--- RECORDS FOR PROCESSING ---
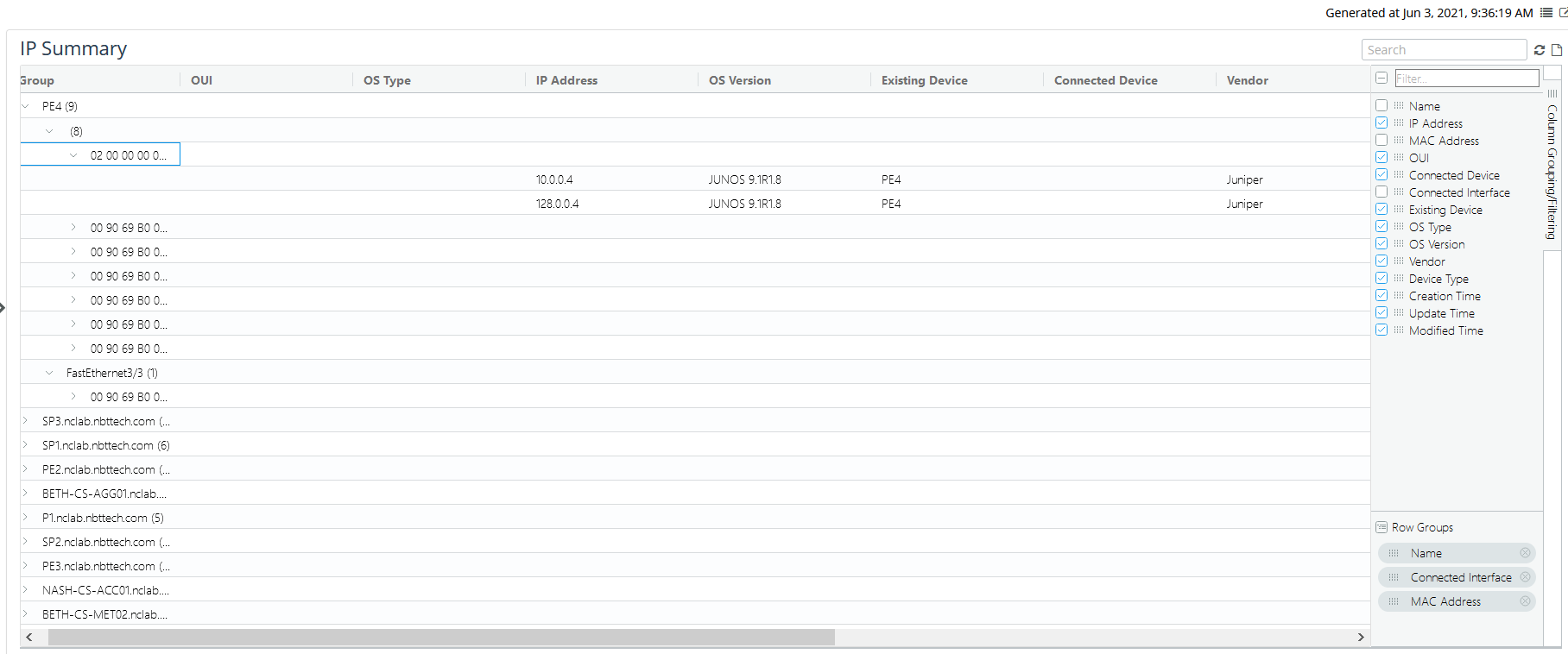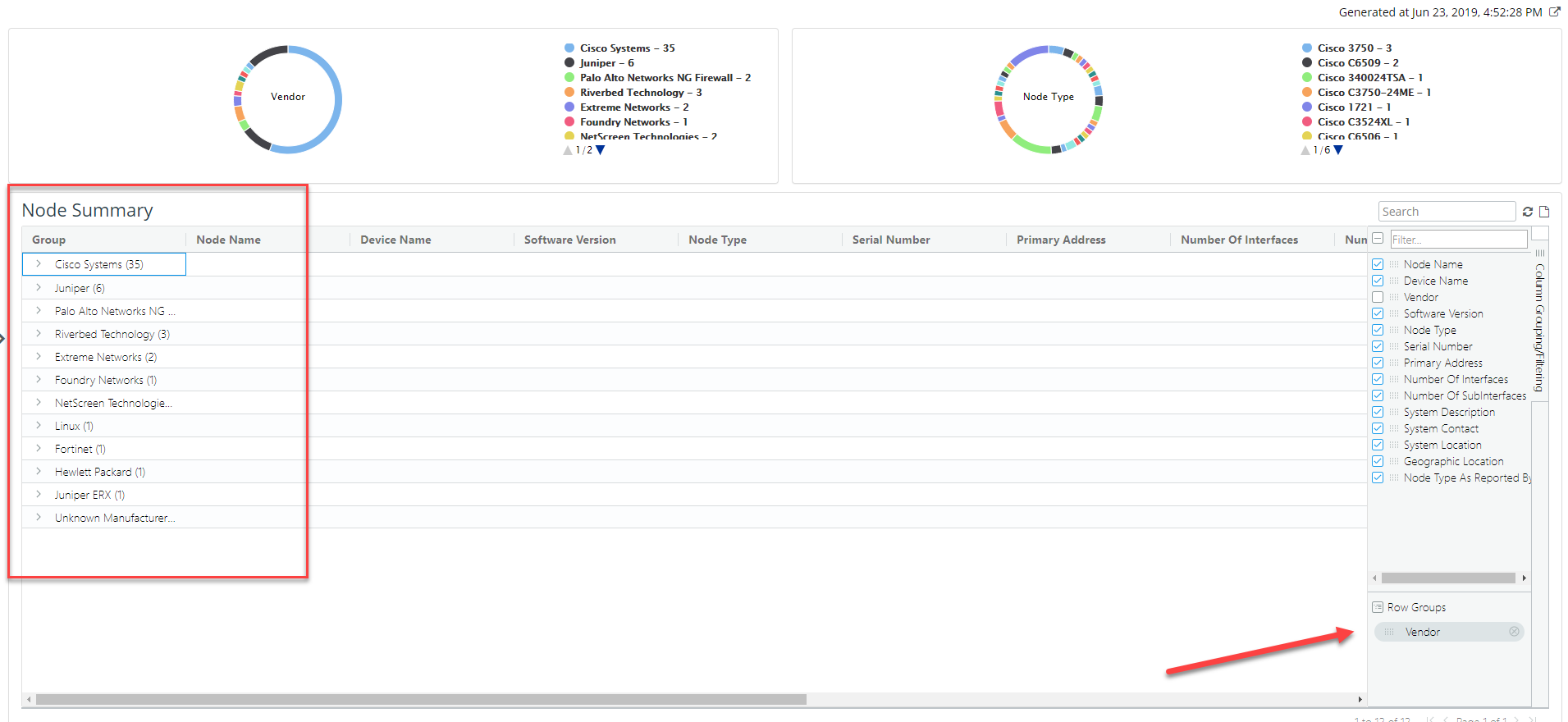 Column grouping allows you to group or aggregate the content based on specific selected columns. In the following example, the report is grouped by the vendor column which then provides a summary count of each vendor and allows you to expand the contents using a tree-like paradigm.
---
--- RECORDS FOR PROCESSING ---
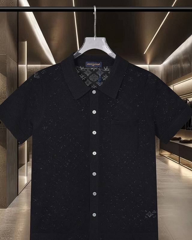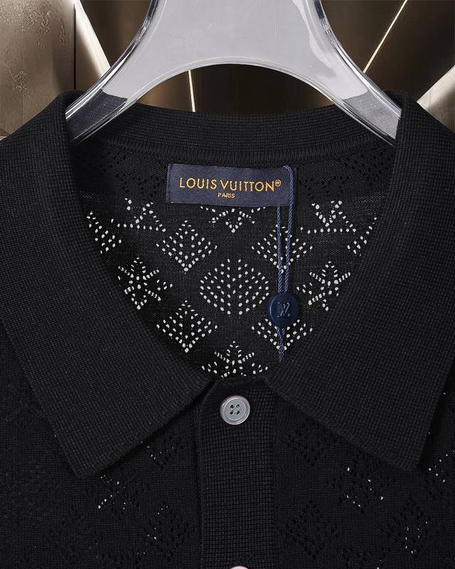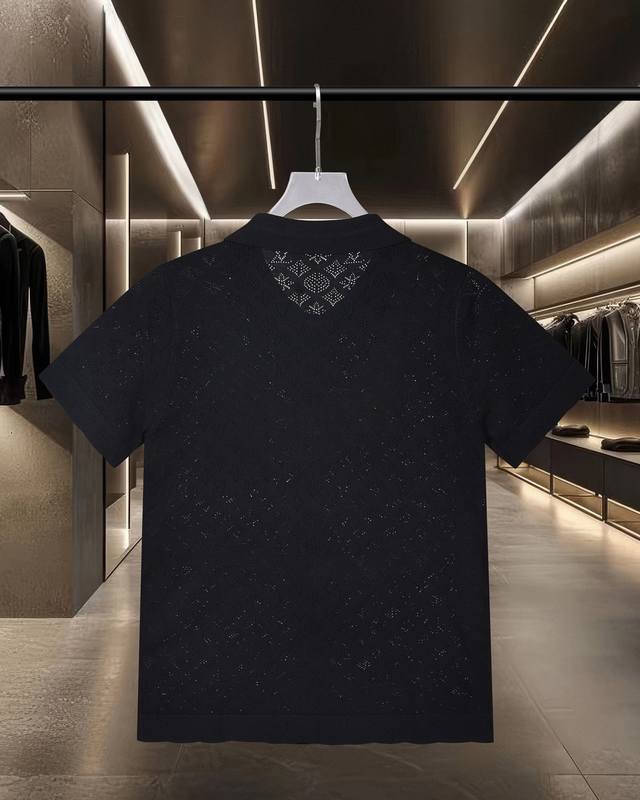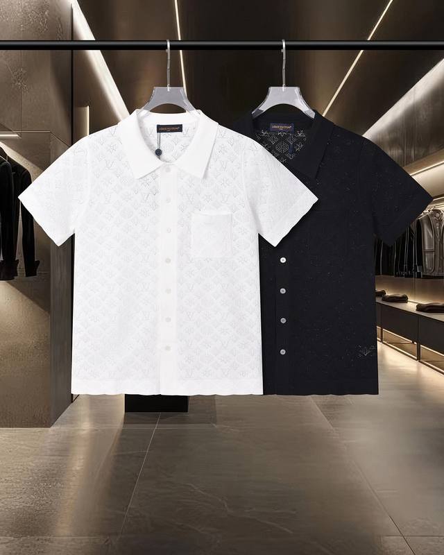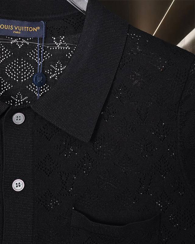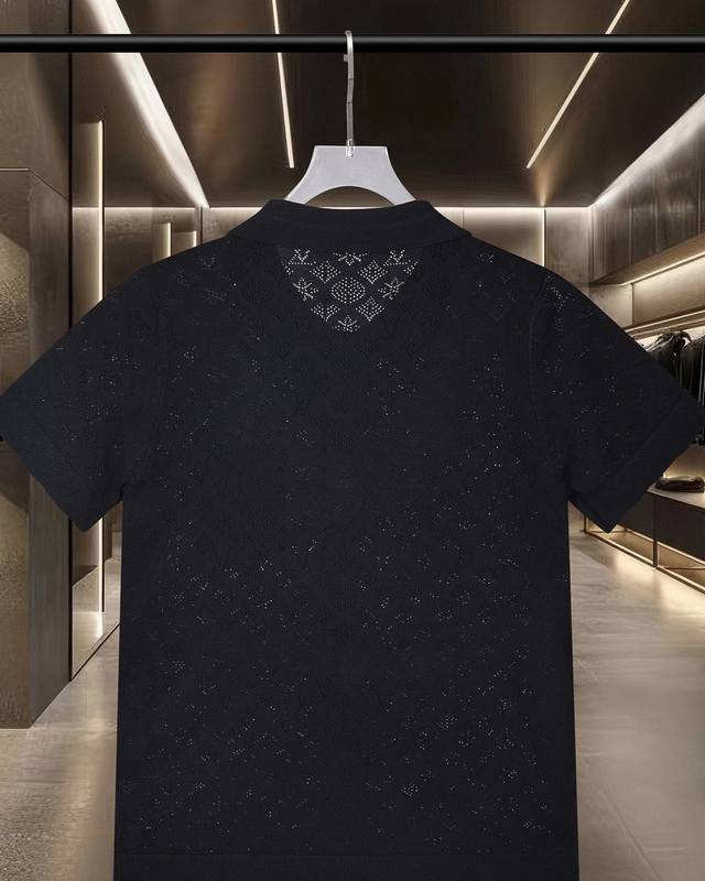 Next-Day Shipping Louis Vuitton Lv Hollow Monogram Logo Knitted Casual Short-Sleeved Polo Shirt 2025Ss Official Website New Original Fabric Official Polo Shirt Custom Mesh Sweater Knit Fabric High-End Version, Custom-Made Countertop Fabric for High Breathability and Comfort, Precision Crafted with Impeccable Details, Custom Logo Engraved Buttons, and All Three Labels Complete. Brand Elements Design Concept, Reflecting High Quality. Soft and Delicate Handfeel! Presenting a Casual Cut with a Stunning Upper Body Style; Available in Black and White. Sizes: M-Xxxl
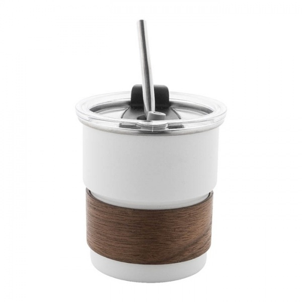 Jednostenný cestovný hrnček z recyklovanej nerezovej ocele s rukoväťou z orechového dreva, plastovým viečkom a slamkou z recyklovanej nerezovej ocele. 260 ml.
---
--- RECORDS FOR PROCESSING ---
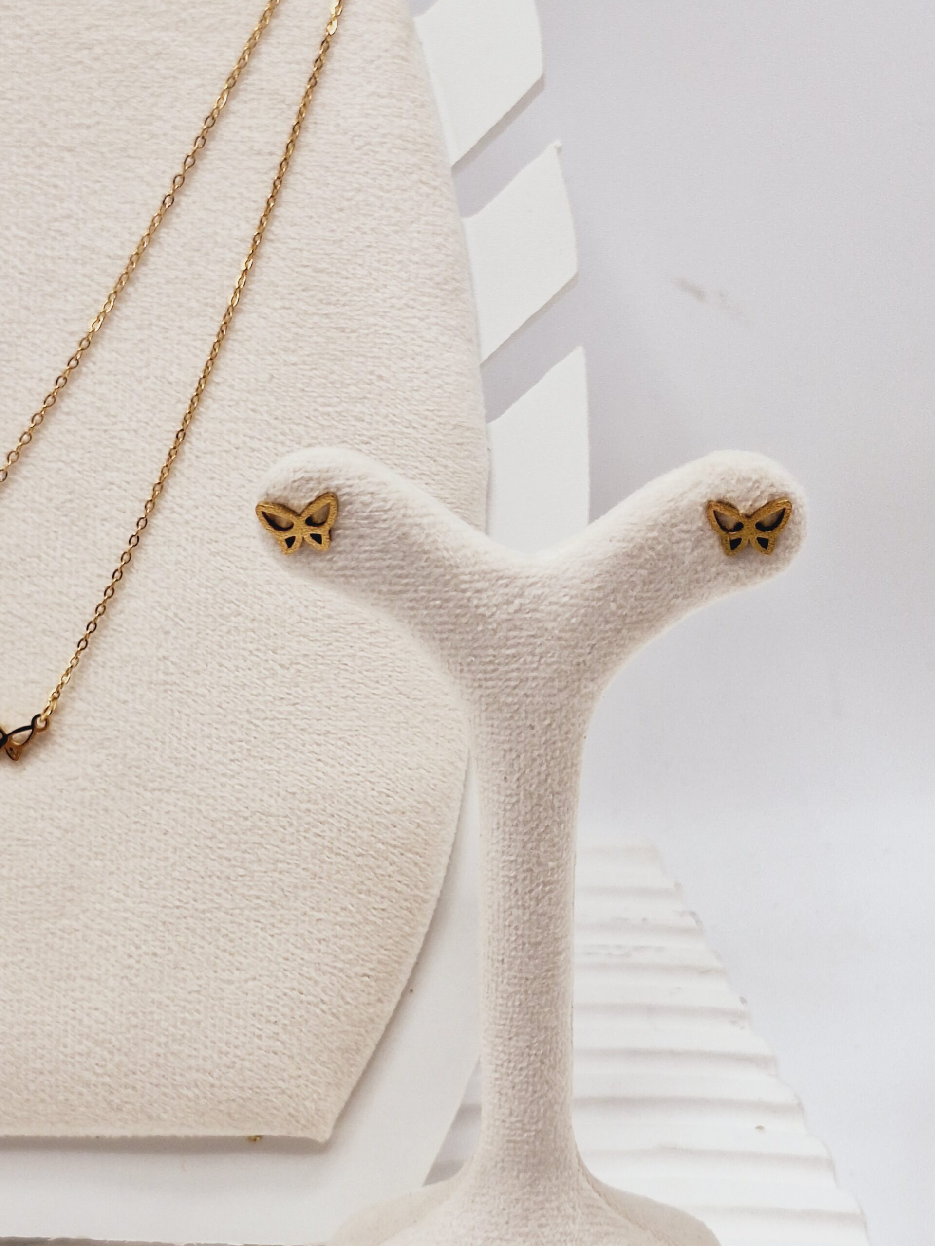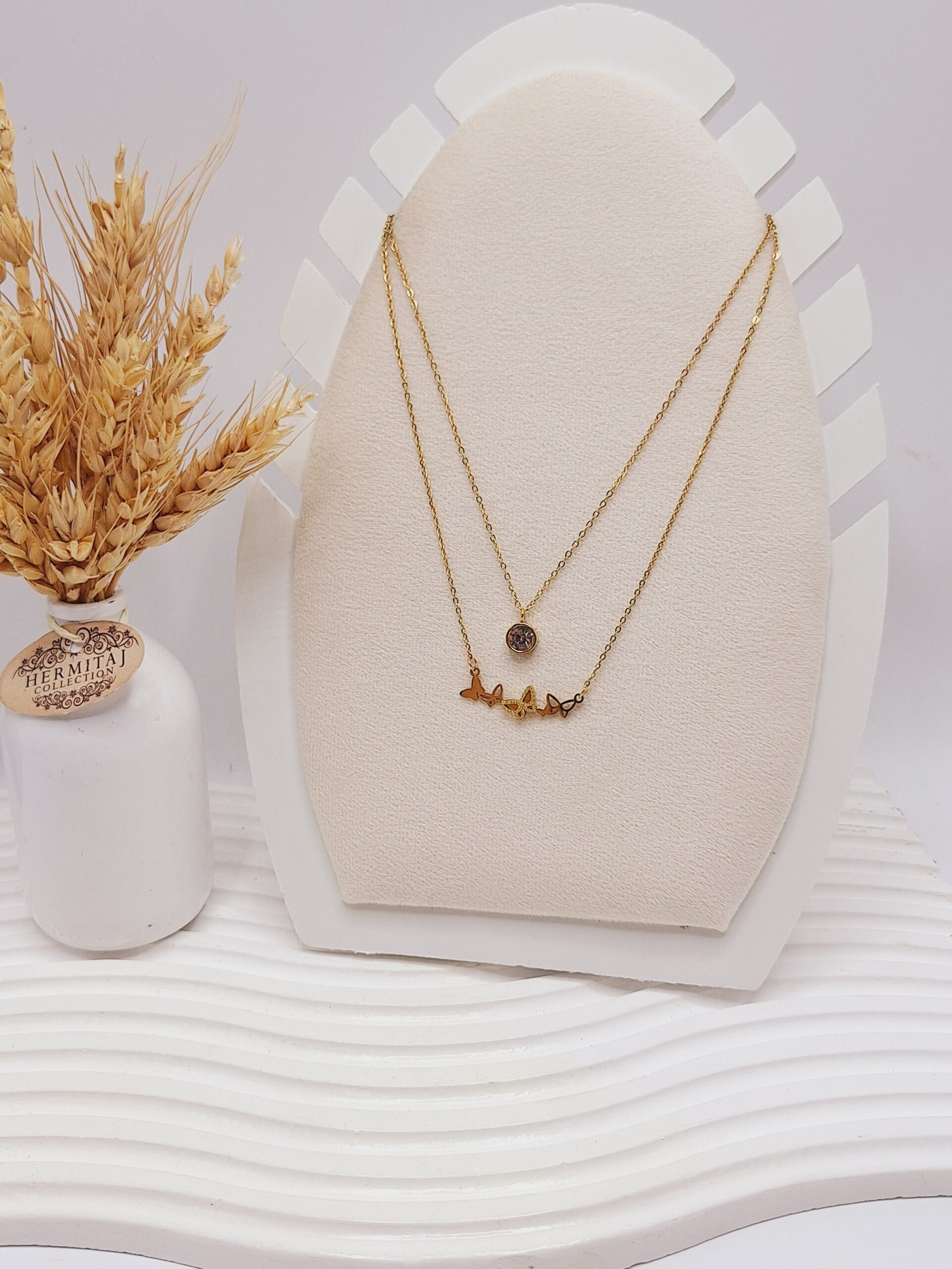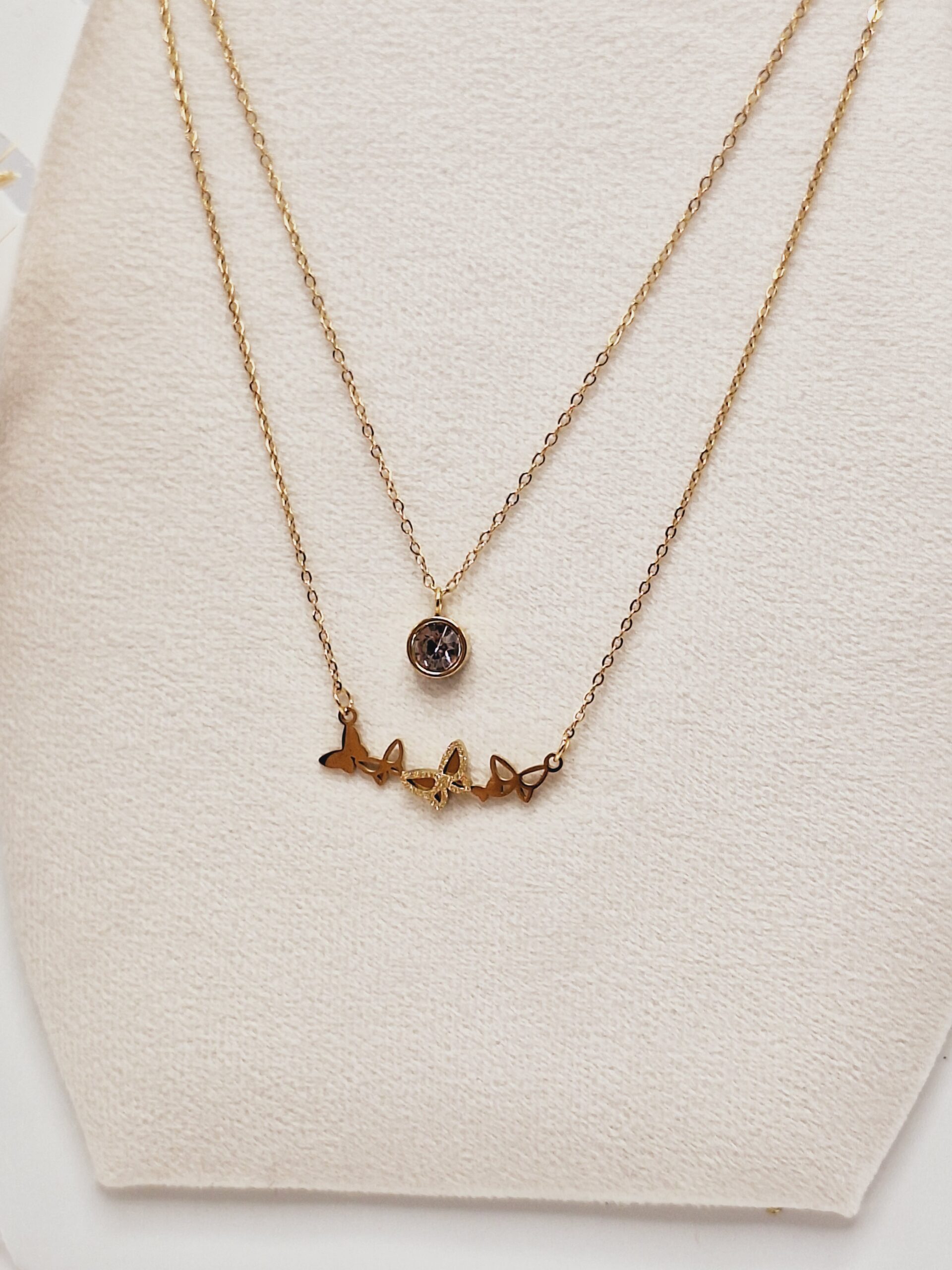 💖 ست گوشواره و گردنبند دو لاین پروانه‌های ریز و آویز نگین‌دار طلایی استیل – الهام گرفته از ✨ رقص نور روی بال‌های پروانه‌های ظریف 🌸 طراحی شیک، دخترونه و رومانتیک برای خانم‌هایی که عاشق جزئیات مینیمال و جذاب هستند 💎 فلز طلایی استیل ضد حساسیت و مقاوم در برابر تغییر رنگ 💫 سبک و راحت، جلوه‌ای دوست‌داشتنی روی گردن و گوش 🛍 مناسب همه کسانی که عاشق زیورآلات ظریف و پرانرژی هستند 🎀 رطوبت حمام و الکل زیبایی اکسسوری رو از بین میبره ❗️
---
What do the entries above read from the line containing "Next-Day Shipping Louis" through the line containing "Jednostenný cestovný hrnček"? Output those lines exactly, both ends included, with the pictures left out.

 Next-Day Shipping Louis Vuitton Lv Hollow Monogram Logo Knitted Casual Short-Sleeved Polo Shirt 2025Ss Official Website New Original Fabric Official Polo Shirt Custom Mesh Sweater Knit Fabric High-End Version, Custom-Made Countertop Fabric for High Breathability and Comfort, Precision Crafted with Impeccable Details, Custom Logo Engraved Buttons, and All Three Labels Complete. Brand Elements Design Concept, Reflecting High Quality. Soft and Delicate Handfeel! Presenting a Casual Cut with a Stunning Upper Body Style; Available in Black and White. Sizes: M-Xxxl
 Jednostenný cestovný hrnček z recyklovanej nerezovej ocele s rukoväťou z orechového dreva, plastovým viečkom a slamkou z recyklovanej nerezovej ocele. 260 ml.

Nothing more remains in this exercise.